I'm thinking that p(x) must have zeros near -1 and +1, in fact (maybe?) symmetrically such that the sum of those 2 roots is 0.  It is possible that the function is symmetrical such that p(-x) = -p(x), in which case the integral from -10 to 10 would be zero.

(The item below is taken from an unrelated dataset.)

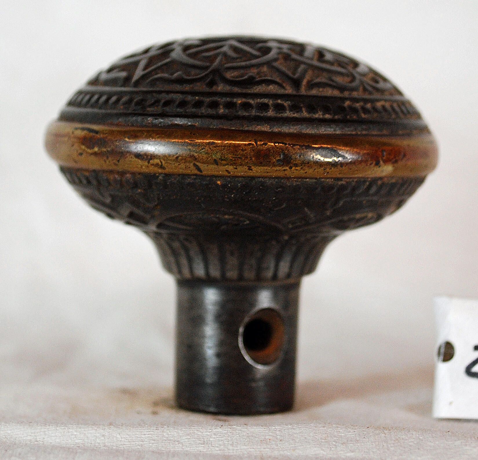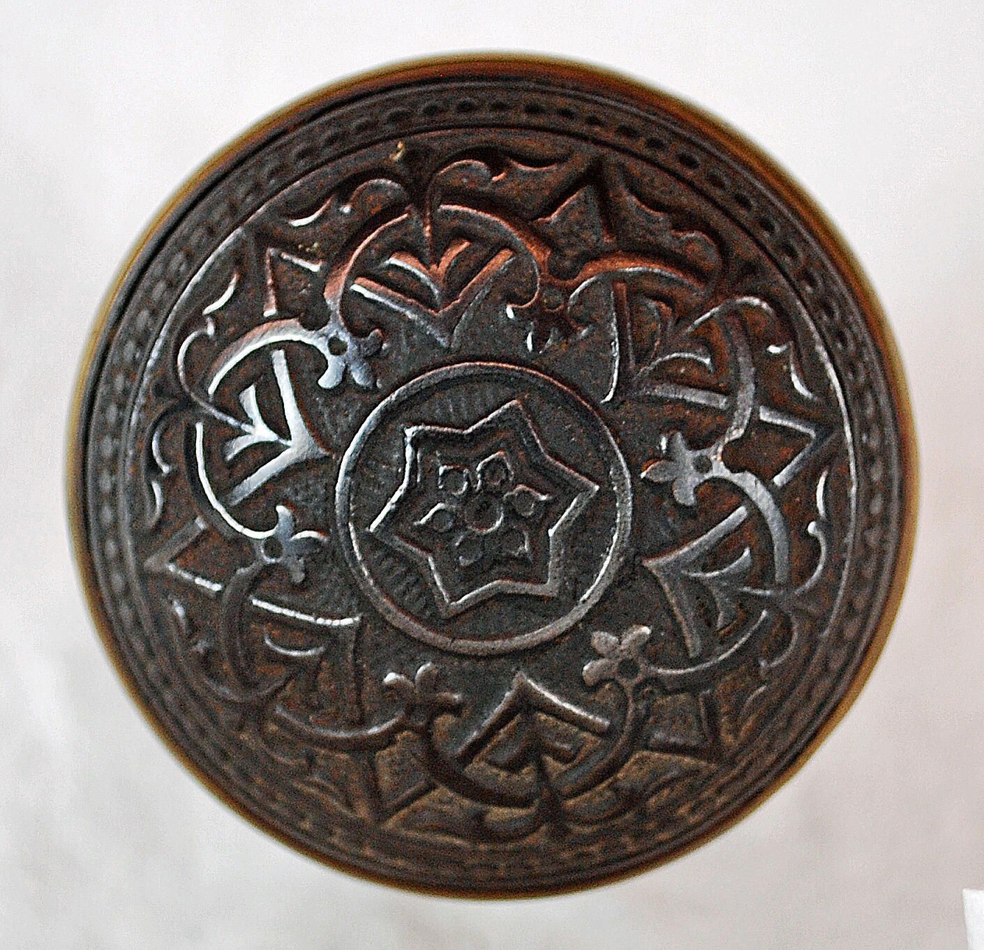 Design Name: Vernacular Manufacture: Trenton Style: Neo-Grec Material: Cast Iron Manufacturing Method: Cast Surface Finish: Aged / Unpolished VDA Classification: Sixfold J VDA Number: J - 202 Shape: Domed Patent Specifics: Lock Type (If Applicable): Inscription/Makers Mark: Inscription Text: Comments: Bronze Band Around Middle of Knob. Design Pattern Continues on Under Side.

p(x) = (ax^2+bx+c)((x-1)^3 - 1)

p(x) = (dx^2+ex+f)((x+1)^3 + 1)

(ax^2+bx+c)(x^3-3x^2+3x-2)

(dx^2+ex+f)(x^3+3x^2+3x+2)

ax^5 + (-3a+b)x^4  + (3a-3b+c)x^3  

     + (-2a+3b-3c)x^2  + (-2b+3c)x - 2c

dx^5 + (3d+e)x^4  + (3d+3e+f)x^3  

     + (2d+3e+3f)x^2  + (2e+3f)x + 2f 

Clearly d = a and f = -c

Setting the other coefficients of x terms equal:

-3a+b = 3a+e

3a-3b+c = 3a+3e-c

-2a+3b-3c = 2a+3e-3c

-2b+3c = 2e-3c

move all terms to the left

-6a + 1b + 0c - 1e = 0

 0a - 3b + 2c - 3e = 0

-4a + 3b + 0c - 3e = 0

 0a - 2b + 6c - 2e = 0

Take these two

[-6a + 1b + 0c - 1e = 0 ] * -3 then add

-4a + 3b + 0c - 3e = 0

14a = 0 ....   a=0

Take these two

[-6a + 1b + 0c - 1e = 0 ] * -3 then add

0a - 3b + 2c - 3e = 0

12a + 2c = 0 .... c=0

Using Excel matrix solver, I get an inverse matrix:

-3/14 0 1/14 0

-1/7 -3/14 3/14 1/14

0 -1/7 0 3/14

1/7 -3/14 -3/14 1/14

Multiplying this by a 1x4 array of zeros shows a solution of 

a=b=c=d=e=f = 0.

So either I made a mistake, or not only does the integral equate to 0 but p(x)=0.